Data Cleaning
Real-world data is messy. Data cleaning is the process of detecting and correcting errors, handling missing values, and preparing data for analysis. It's often 80% of the work in a data science project.
Remember: Garbage in, garbage out. Clean data is essential for accurate models.
Common Data Issues
Missing Values
NULL, NaN, empty strings
Outliers
Extreme values that skew analysis
Duplicates
Repeated rows or entries
Inconsistent Format
Mixed date formats, capitalization
Invalid Data
Negative ages, impossible dates
Wrong Data Types
Numbers stored as strings
Handling Missing Values
1. Remove (Deletion)
Drop rows or columns with missing values.
✗ Loses information, reduces dataset size
Use when: Few missing values, large dataset
2. Imputation (Fill)
Replace missing values with estimates.
• Forward/Backward fill (time series)
• Model-based imputation (KNN, regression)
Use when: Many missing values, can't afford to lose data
3. Flag as Missing
Create indicator variable for missingness.

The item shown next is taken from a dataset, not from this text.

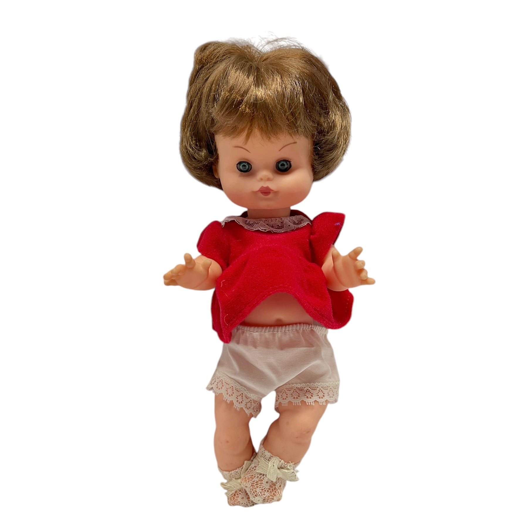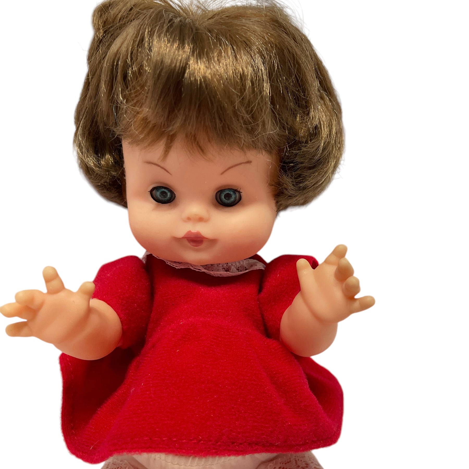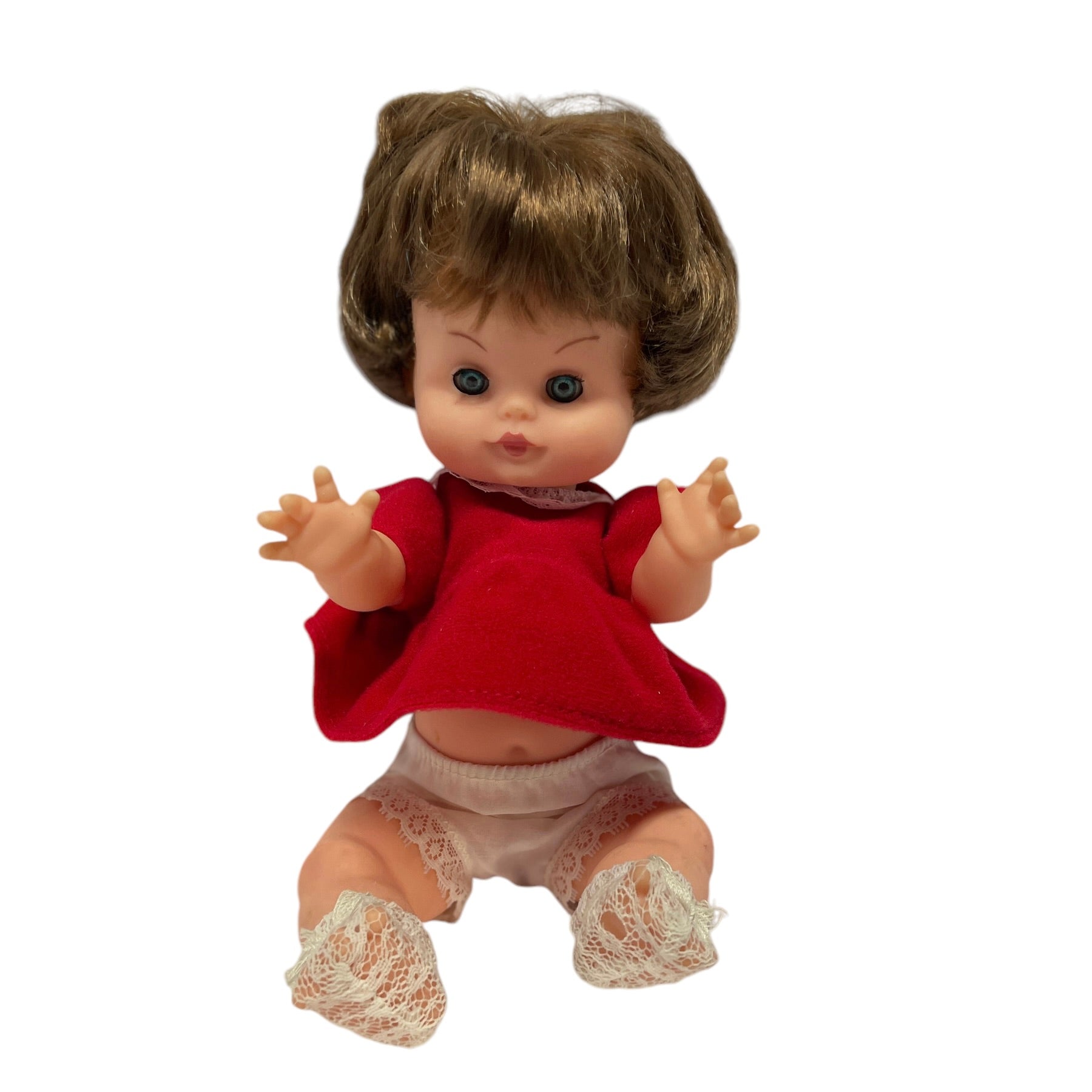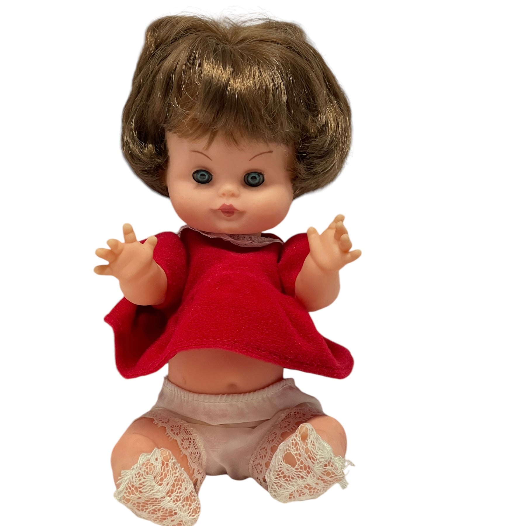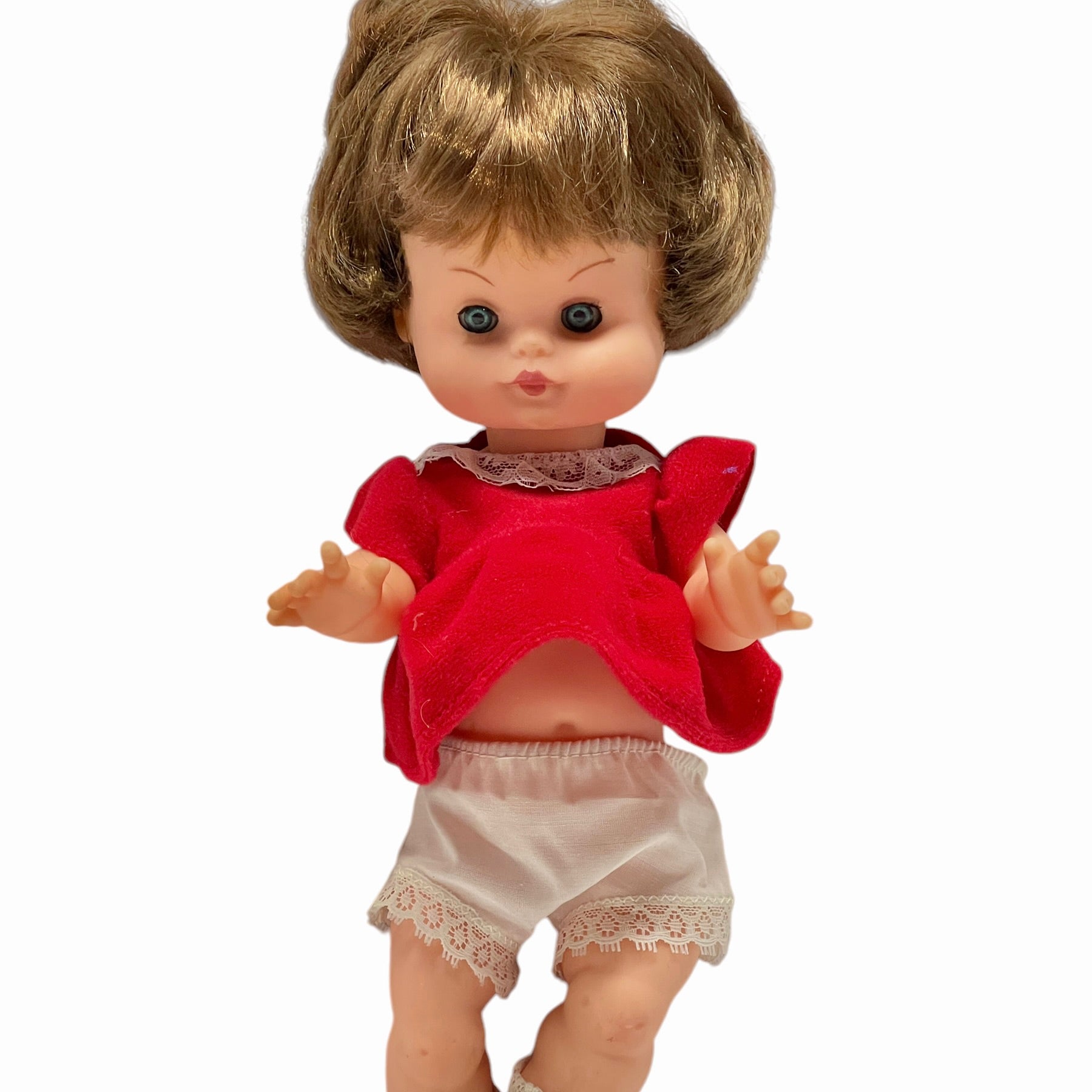 Vintage 11" Vinyl Doll Open/Shut Blue Eyes, Arched Painted Brows, Dainty Velvet & Lace Clothing

Use when: Missingness itself is informative
Outlier Detection
Outliers can skew analysis and model performance. Detect them before deciding how to handle.
Statistical Methods
- Z-score: Values beyond 3 standard deviations
- IQR: Values outside 1.5 × IQR from quartiles
- Modified Z-score: Robust to outliers
Visual Methods
- Box plots: Show quartiles and outliers
- Scatter plots: Identify unusual patterns
- Histograms: Spot extreme values
Data Cleaning Checklist
Best Practice: Always keep a copy of raw data. Document every cleaning step. Clean data incrementally and validate at each stage.